Exercise description: Copy each line of the data below exactly, leaving out pictures.

Exercise data:
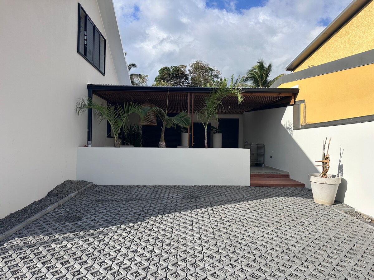 当社の家に隣接するトロピカルスタイルのシックでボヘミアンな広々としたスタジオには、独立した入り口があります。 エアコン、160cmのベッド、シャワールーム、設備の整ったキッチン、専用テラス、安全な駐車スペースを完備。 静かで緑豊かな環境にある天然石のプールにアクセスできます。 私たちのラブラドール犬は、優しくて社交的で、この場所に住んでいます。 カップルや一人でのリラックスした滞在に最適です。
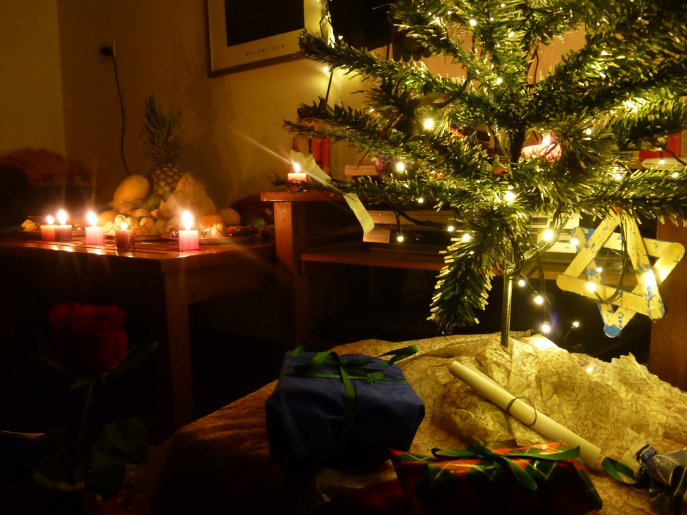 IMG_20141224_204736_kleiner24. Dezember. Abenddämmerung. Dialog mit Jakob: „Mama, kommt der Weihnachtsmann wirklich nach Peru? – Ja. – Und auch nach Berlin? – Ja. – Und wie kommt er bei uns ins Haus rein? – Vielleicht hat er einen Schlüssel. – Und hat er auch einen Esel wie der Nikolaus? – Nee, der hat einen Schlitten, der fliegen kann. – Wirklich? Toll!!“ Große Augen. Das Leben als 3jähriger ist zauberhaft. An Weihnachten ganz besonders.
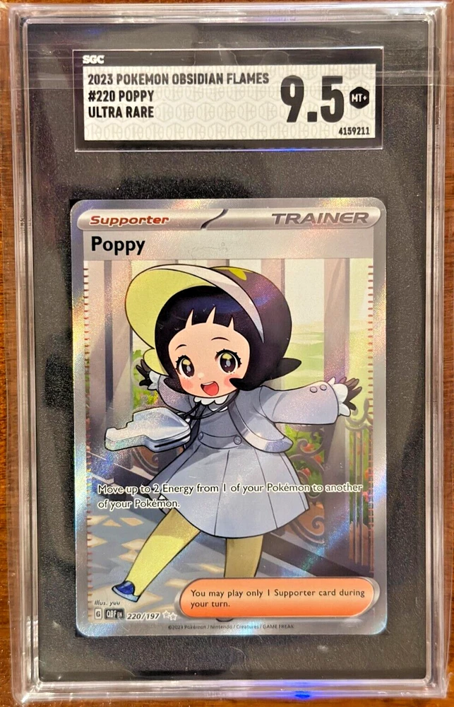 Embark on a fiery adventure with the Pokemon TCG Poppy card, a Ultra Rare gem from the Obsidian Flames set, boasting the awe-inspiring Flame creature/monster type. This card, numbered 2023, features a captivating holographic finish that's sure to dazzle collectors and players alike. Whether you're looking to enhance your gameplay or treasure a standout piece in your collection, this card fits seamlessly into any Pokemon TCG arsenal. With its vivid artwork and strategic potential, it's a must-have for enthusiasts seeking to make an impact in their next battle.
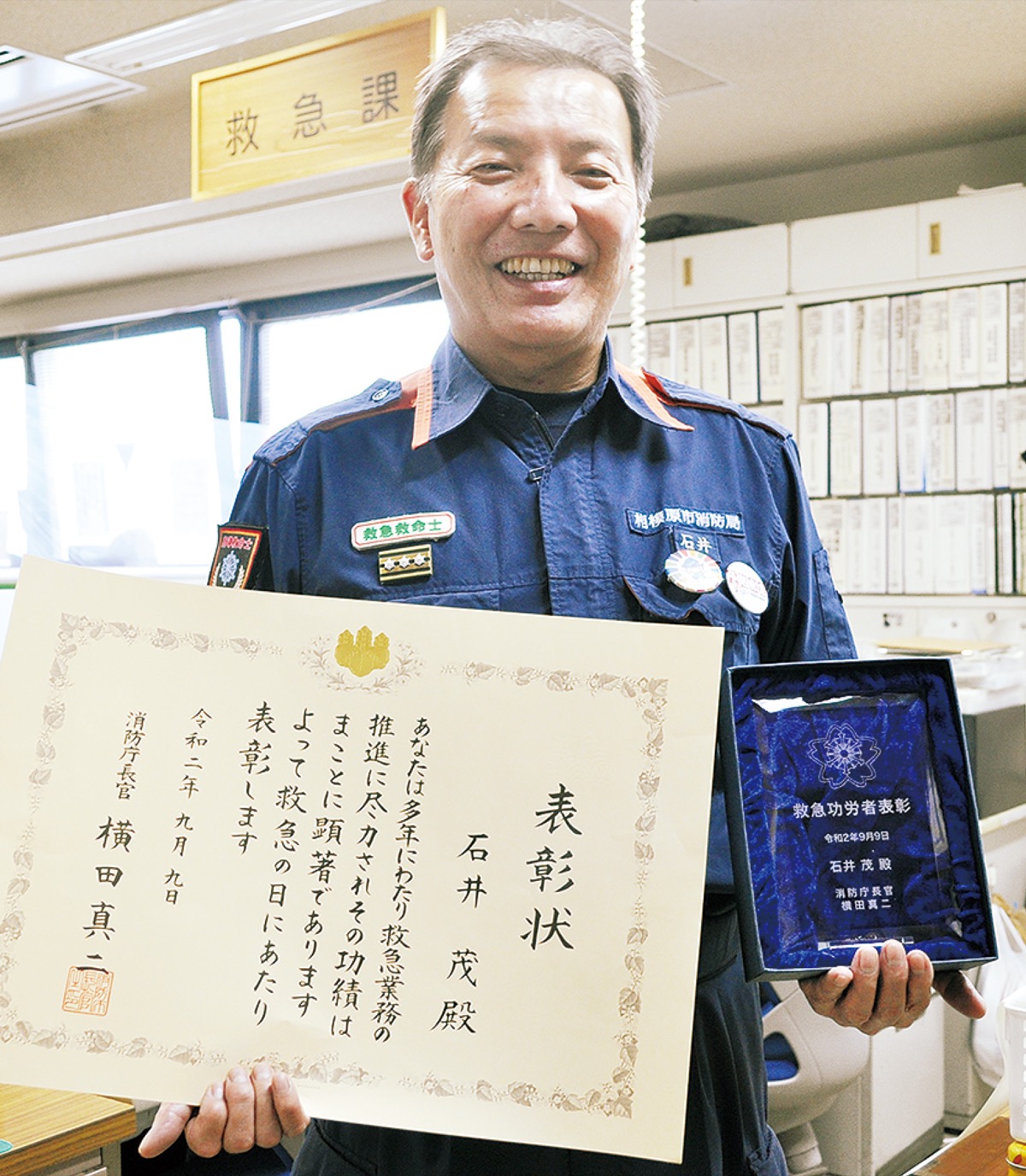 救急業務の推進に長年貢献し、社会公共の福祉の増進に顕著な功績があった個人および団体を表彰する消防庁長官表彰(救急功労者表彰)を、市消防局救急課に勤務する石井茂さん(59)=中央区東淵野辺在住=が市内で初めて個人で受賞した。

Answer for this exercise:
 当社の家に隣接するトロピカルスタイルのシックでボヘミアンな広々としたスタジオには、独立した入り口があります。 エアコン、160cmのベッド、シャワールーム、設備の整ったキッチン、専用テラス、安全な駐車スペースを完備。 静かで緑豊かな環境にある天然石のプールにアクセスできます。 私たちのラブラドール犬は、優しくて社交的で、この場所に住んでいます。 カップルや一人でのリラックスした滞在に最適です。
 IMG_20141224_204736_kleiner24. Dezember. Abenddämmerung. Dialog mit Jakob: „Mama, kommt der Weihnachtsmann wirklich nach Peru? – Ja. – Und auch nach Berlin? – Ja. – Und wie kommt er bei uns ins Haus rein? – Vielleicht hat er einen Schlüssel. – Und hat er auch einen Esel wie der Nikolaus? – Nee, der hat einen Schlitten, der fliegen kann. – Wirklich? Toll!!“ Große Augen. Das Leben als 3jähriger ist zauberhaft. An Weihnachten ganz besonders.
 Embark on a fiery adventure with the Pokemon TCG Poppy card, a Ultra Rare gem from the Obsidian Flames set, boasting the awe-inspiring Flame creature/monster type. This card, numbered 2023, features a captivating holographic finish that's sure to dazzle collectors and players alike. Whether you're looking to enhance your gameplay or treasure a standout piece in your collection, this card fits seamlessly into any Pokemon TCG arsenal. With its vivid artwork and strategic potential, it's a must-have for enthusiasts seeking to make an impact in their next battle.
 救急業務の推進に長年貢献し、社会公共の福祉の増進に顕著な功績があった個人および団体を表彰する消防庁長官表彰(救急功労者表彰)を、市消防局救急課に勤務する石井茂さん(59)=中央区東淵野辺在住=が市内で初めて個人で受賞した。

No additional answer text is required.